# iMac screen calibration help?



## ironsidephoto (Aug 21, 2010)

I have a 27" iMac (no color fringing issues! Yay!) that I'd like to calibrate for photo processing. I've never had a problem with color issues etc. with prints in the past, but some that I recently got back looked quite dark, so I figured it's about that time. 

Are there any recommendations on how to do this and not blow a hole in my wallet? Spyder vs. i1Display 2? Different "pro" levels etc of either? I'm lost.

Here's an interesting blog post about it.
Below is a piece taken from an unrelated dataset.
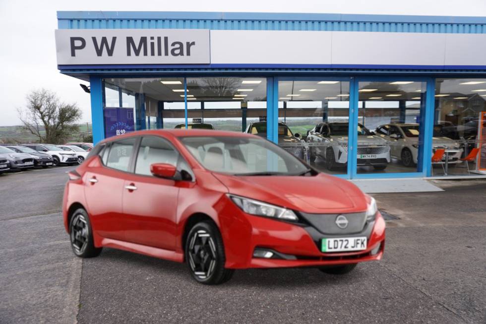 Flame Red, 1 Owner, Nissan Franchise-Serviced, Spare Key & Charging Cable Supplied. Great Rates on PCP & HP Car Finance are available. A free, no-obligation finance check is available on our website. Free HPI Certificate Provided. P.W. Millar Ltd. is a family-owned and operated business established in 1970.

Let me know if you agree.
Bret Edge Photography  The iMac Calibration Conundrum

Thanks.


----------



## ironsidephoto (Aug 22, 2010)

Anyone?


----------



## amygray (Nov 15, 2010)

Sorry to bother you as I imagine you've resolved this issue long ago . . . but I just brought home a new 27" iMac and I'm trying to come up with a calibration solution.  What did you end up doing?  Are you happy?

Thanks in advance for your help/advice!!


----------



## Eco (Nov 15, 2010)

Guess I'm lucky, mine is balls on with both of my print shops!


----------



## DanBrown (Nov 16, 2010)

I have the same problem! Help us please!!


----------



## Garbz (Nov 16, 2010)

Most of the entry level solutions are the same and they all do the job just fine. I recommend the eye1 Display2 for no other reason than I own one. Other's here will recommend the Spyder3


----------